> EXERCISE
What is needed is an exact copy of the lines in the entries below from the one holding "Установите 5x циркуляционная" through the one holding "Herramienta plegable con", pictures excluded.

___

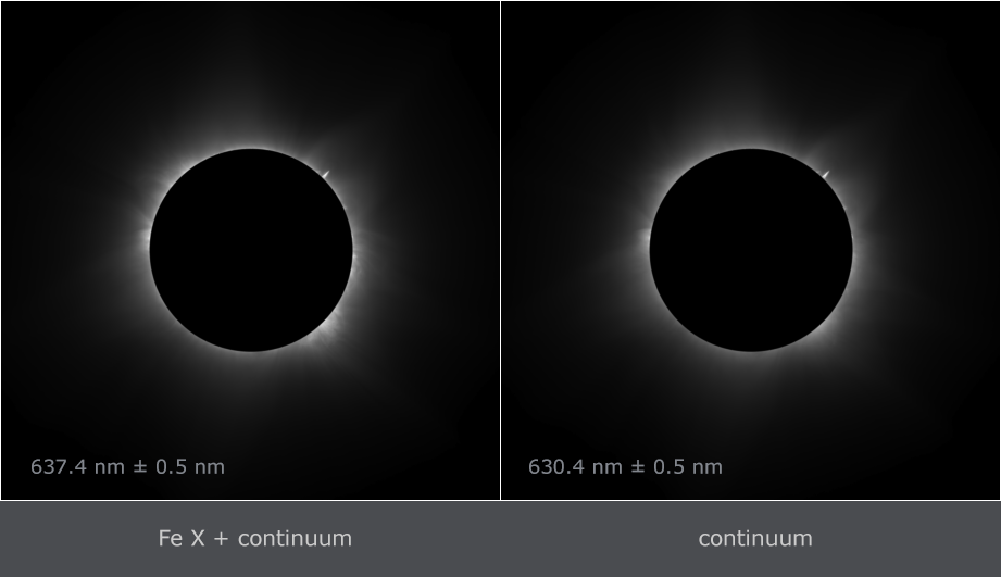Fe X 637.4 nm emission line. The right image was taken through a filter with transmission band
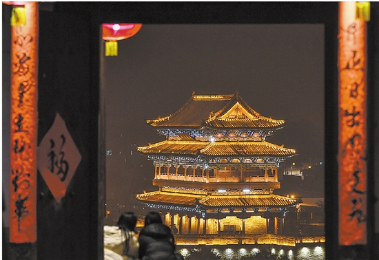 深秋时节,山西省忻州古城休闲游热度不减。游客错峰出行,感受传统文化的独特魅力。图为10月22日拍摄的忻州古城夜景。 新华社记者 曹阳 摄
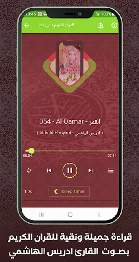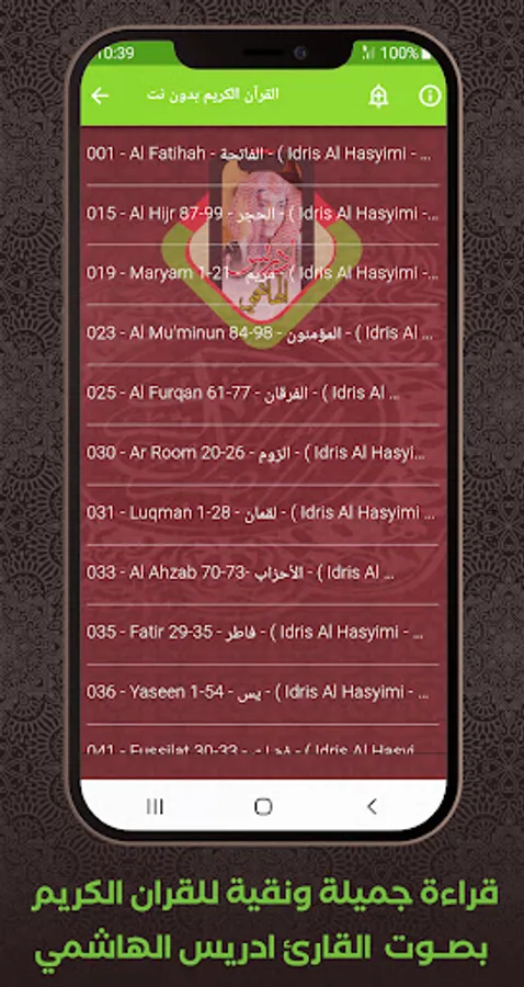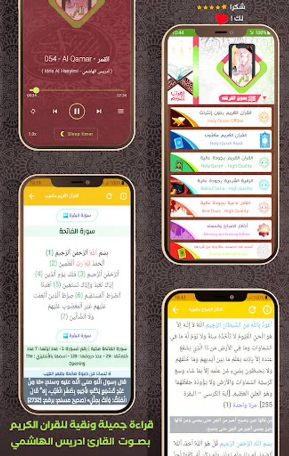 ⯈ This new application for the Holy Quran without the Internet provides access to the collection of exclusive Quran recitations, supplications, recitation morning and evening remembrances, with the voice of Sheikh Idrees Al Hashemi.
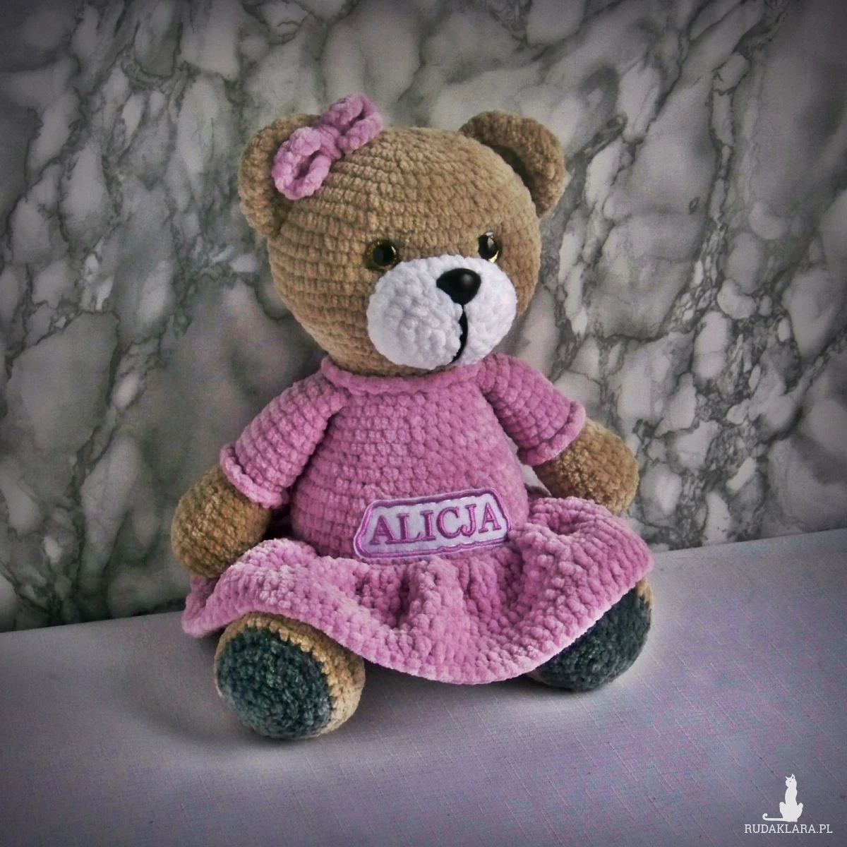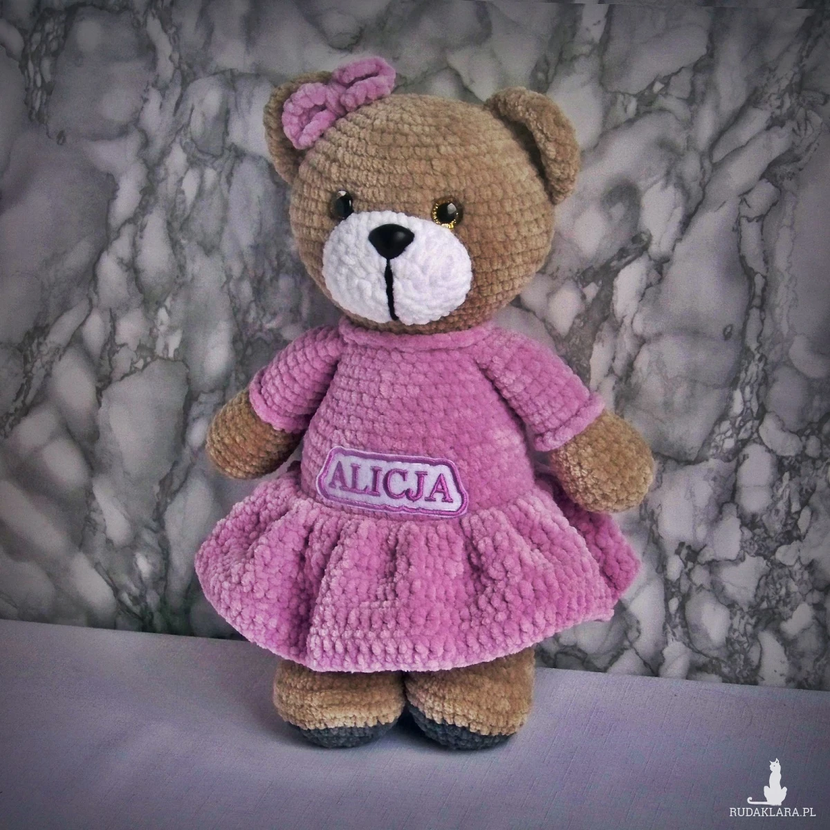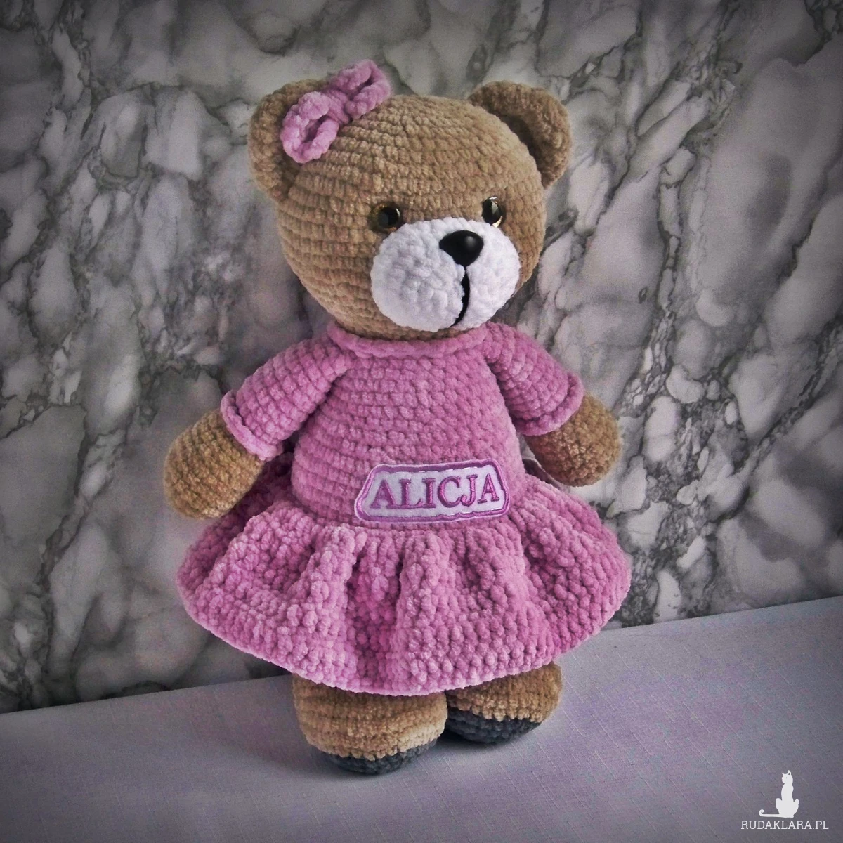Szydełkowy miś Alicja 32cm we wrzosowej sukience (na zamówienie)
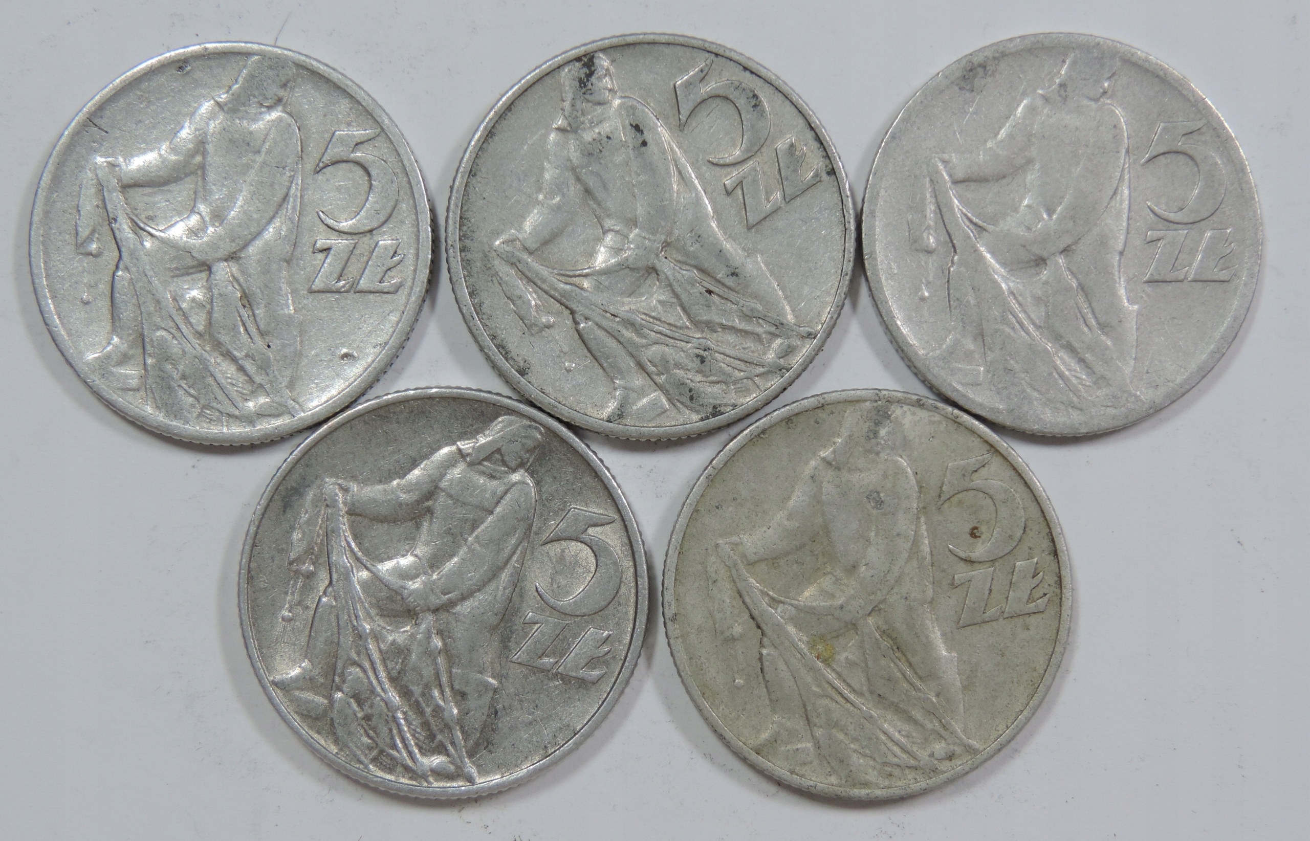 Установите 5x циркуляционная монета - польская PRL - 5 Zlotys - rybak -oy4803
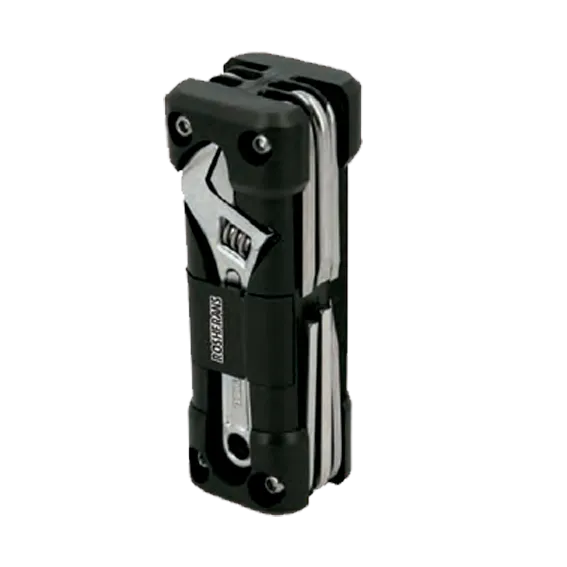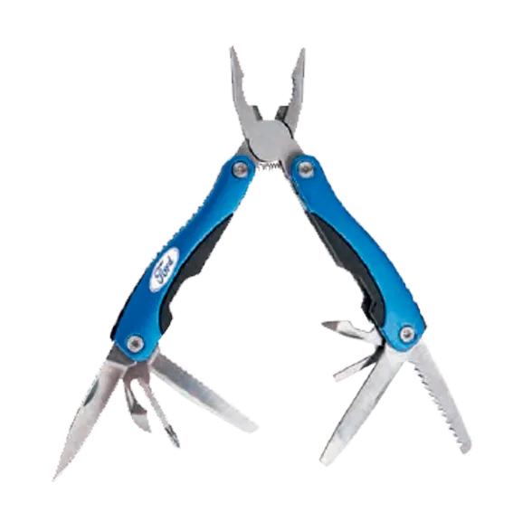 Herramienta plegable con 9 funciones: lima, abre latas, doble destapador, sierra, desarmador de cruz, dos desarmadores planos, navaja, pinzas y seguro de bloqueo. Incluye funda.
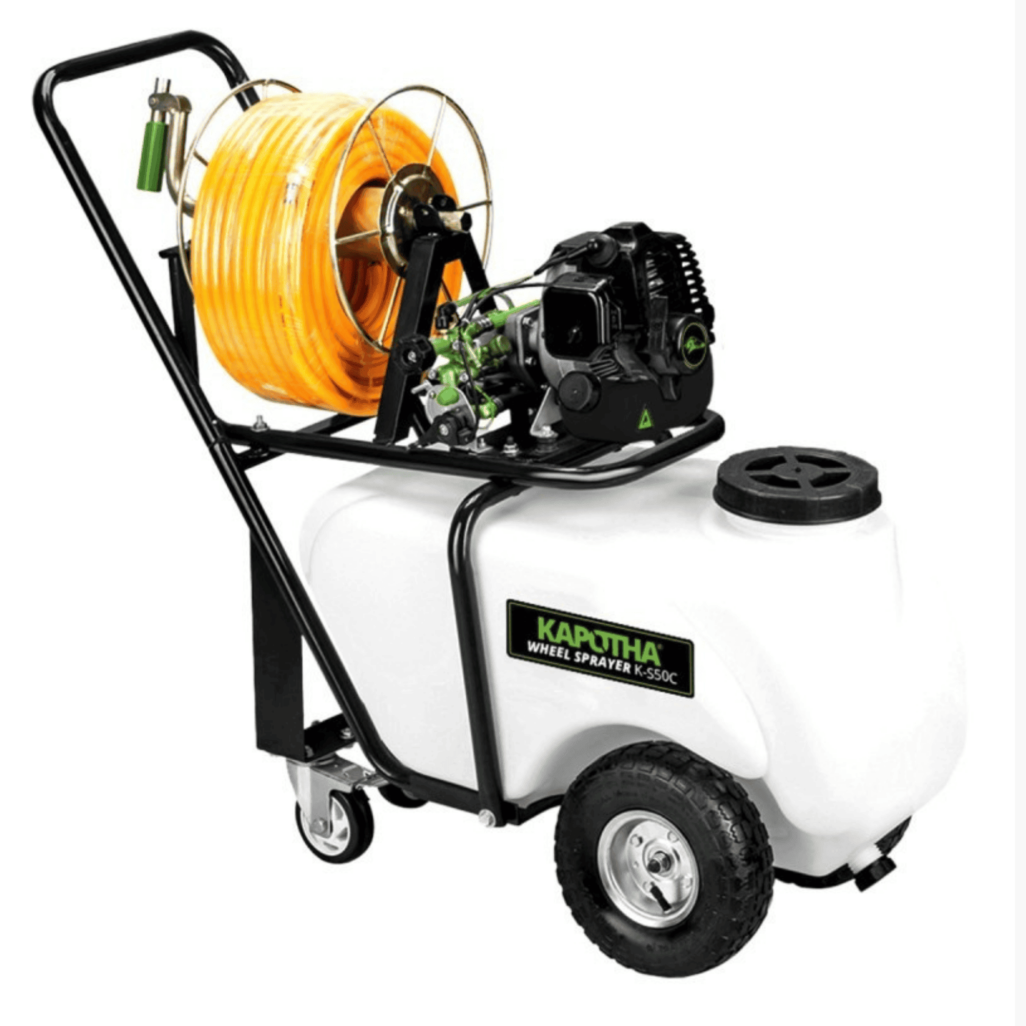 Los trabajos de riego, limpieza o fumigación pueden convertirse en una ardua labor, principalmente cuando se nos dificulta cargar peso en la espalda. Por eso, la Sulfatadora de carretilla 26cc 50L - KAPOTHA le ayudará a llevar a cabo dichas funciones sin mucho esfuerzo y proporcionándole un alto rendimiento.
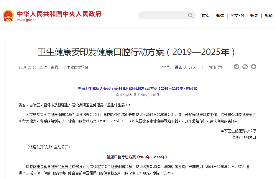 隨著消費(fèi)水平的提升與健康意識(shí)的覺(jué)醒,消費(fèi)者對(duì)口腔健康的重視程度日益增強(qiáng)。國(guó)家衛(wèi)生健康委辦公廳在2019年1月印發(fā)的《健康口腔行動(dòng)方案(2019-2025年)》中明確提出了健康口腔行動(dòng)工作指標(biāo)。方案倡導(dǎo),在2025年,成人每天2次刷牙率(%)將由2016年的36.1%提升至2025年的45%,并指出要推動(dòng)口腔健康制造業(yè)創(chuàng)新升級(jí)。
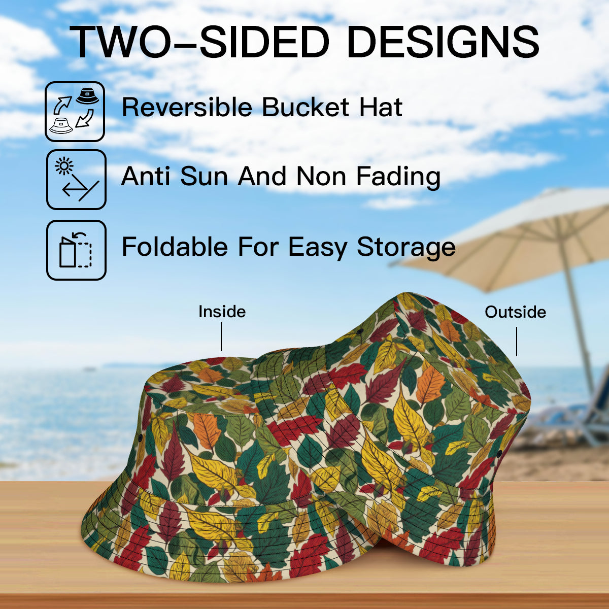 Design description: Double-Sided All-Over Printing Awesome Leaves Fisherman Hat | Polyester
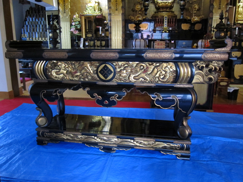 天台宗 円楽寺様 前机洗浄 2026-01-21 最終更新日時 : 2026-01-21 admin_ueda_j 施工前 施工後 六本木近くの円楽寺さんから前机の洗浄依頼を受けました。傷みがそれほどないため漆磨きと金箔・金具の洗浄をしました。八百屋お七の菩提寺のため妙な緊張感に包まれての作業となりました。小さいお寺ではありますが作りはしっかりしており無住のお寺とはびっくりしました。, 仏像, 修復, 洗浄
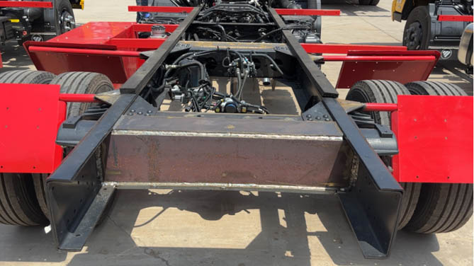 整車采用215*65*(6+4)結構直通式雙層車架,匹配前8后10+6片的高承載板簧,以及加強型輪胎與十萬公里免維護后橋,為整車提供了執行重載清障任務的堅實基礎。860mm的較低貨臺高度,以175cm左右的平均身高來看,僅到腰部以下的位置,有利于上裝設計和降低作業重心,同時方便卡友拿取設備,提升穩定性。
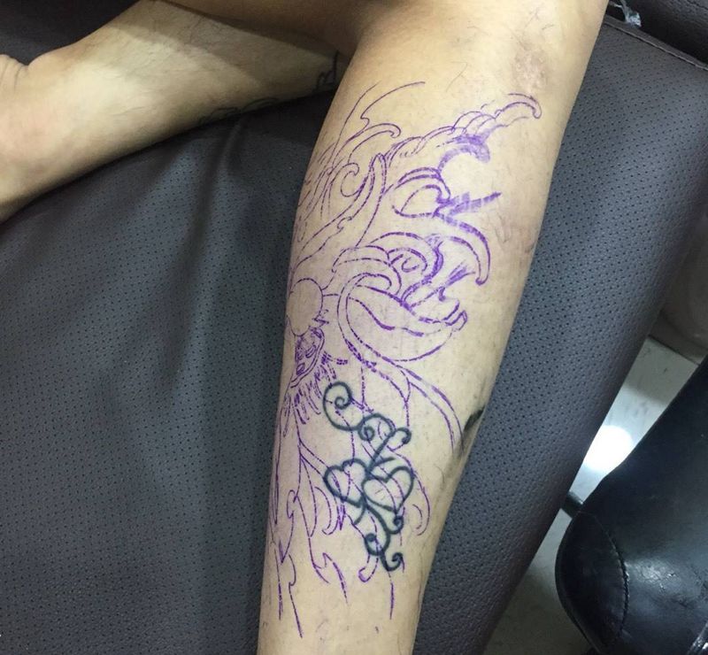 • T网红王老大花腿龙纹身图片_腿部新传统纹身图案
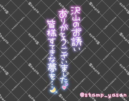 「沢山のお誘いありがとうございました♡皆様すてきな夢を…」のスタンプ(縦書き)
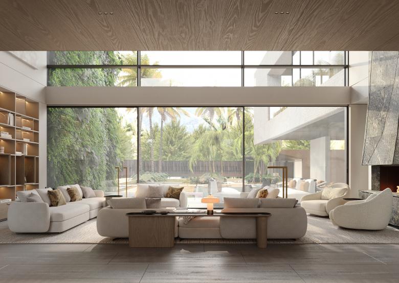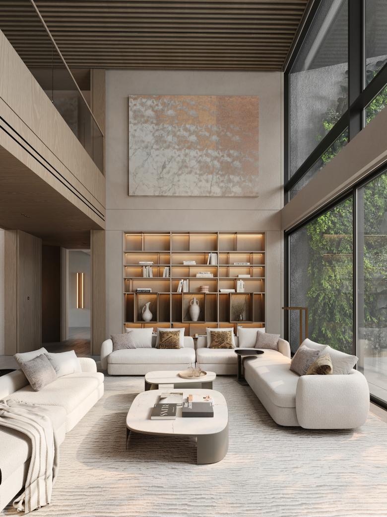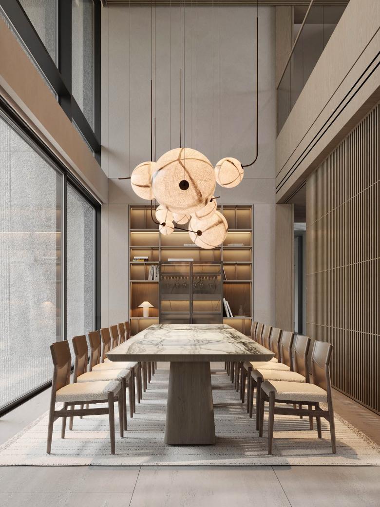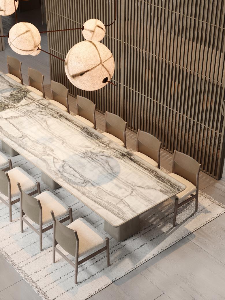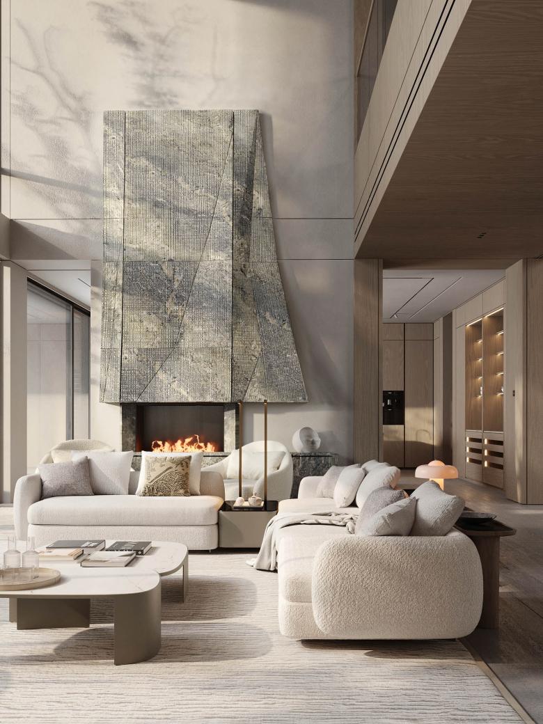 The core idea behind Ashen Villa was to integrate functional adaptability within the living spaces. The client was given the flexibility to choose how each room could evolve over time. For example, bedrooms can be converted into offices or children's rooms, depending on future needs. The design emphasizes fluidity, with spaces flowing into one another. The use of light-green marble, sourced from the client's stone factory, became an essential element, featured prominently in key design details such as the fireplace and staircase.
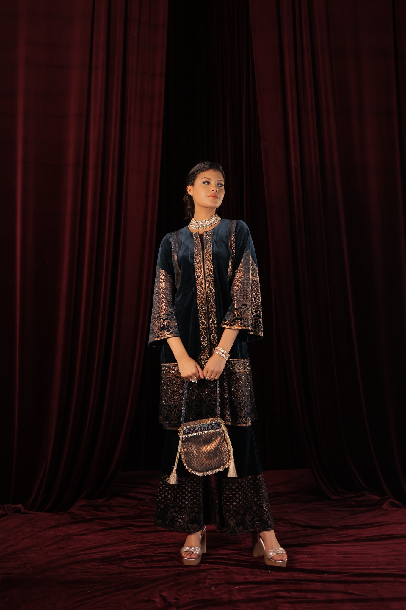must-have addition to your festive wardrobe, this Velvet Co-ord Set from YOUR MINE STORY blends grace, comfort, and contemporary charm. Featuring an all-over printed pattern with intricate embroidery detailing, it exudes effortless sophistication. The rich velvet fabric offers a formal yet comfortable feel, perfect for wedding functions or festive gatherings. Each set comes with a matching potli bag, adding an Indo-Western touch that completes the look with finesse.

___

> TASK RESPONSE
 Установите 5x циркуляционная монета - польская PRL - 5 Zlotys - rybak -oy4803
 Herramienta plegable con 9 funciones: lima, abre latas, doble destapador, sierra, desarmador de cruz, dos desarmadores planos, navaja, pinzas y seguro de bloqueo. Incluye funda.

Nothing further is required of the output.